Wellicht een vitamine B12 tekort. Een ernstige tekortkoming van alle artsen om dit te onderzoeken. Een ernstig tekort kan leiden tot de dood.

Robert van Spronsen

29 september 2015

@janet; briljante toevoeging in deze discussie.....

Nienke Nieuwenhuizen

30 september 2015

Deels eens met collega Olde-Rikkert. Maar waren "we" hier niet gewoon veel te laat?

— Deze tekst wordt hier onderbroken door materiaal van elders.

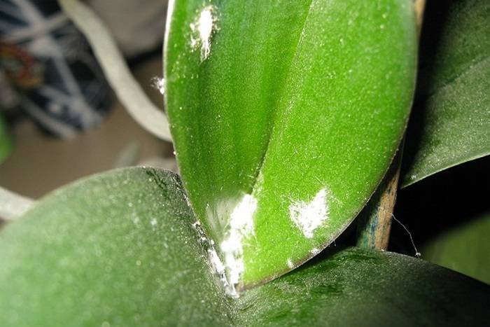 Ако долните листа на орхидеята са покрити с бял прозрачен цвят, тогава най-вероятно производителят е срещнал брашнеста мана. Петната бързо ще се разпространят в корените и издънките на цветето, то ще започне да изсъхва и да умира.

Het lijkt erop dat signalen zijn gemist ( ondervoeding, cognitieve stoornissen, overbelaste mantelzorg? ) En was het mogelijk geweest om met de juiste tijdige consultatie thuis door de specialist ouderengeneeskunde insturen naar het ziekenhuis te voorkomen? Had de huisarts bij wel insturen niet rechtstreeks naar de geriater moeten verwijzen? Ik vrees dat dit soort casus zullen toenemen. Het resultaat van het "langer thuis beleid" met onvoldoende kennis in de wijk. Met alle gevolgen van dien........

Robert van Spronsen

30 september 2015

Nienke heeft natuurlijk helemaal gelijk. Maar wat Marcel volgens mij probeert aan te geven, en ik onderstreep, is dat we met de huidige inrichting van zorg en kijken naar casuïstiek "zelf" creëren dat men te laat zou zijn. Ik denk dat door een Geriater op de SEH te zetten en alle patienten boven x leeftijd eerst door de Geriater te laten bekijken en dan daarna pas eventueel andere specialismen in te schakelen het "te laat zijn" ondervangen gaat worden. Dat is volgens mij de kern. Inzoomen op casuïstiek en dan vervolgens binnen de huidige kaders zoeken naar oplossingen gaat niet werken. De vraag verandert. Of de markt, management-populistisch gesproken. Dan zal je model van zorgaanbieding moeten veranderen.

Dr. Jan C Molenaar, em.hgl. kinderchirurgie, Erasmus MC Rotterdam

3 november 2015

Blijft de prangende vraag -met name gelet op het commentaar van Janet - : "Waaraan is patient uiteindelijk overleden?"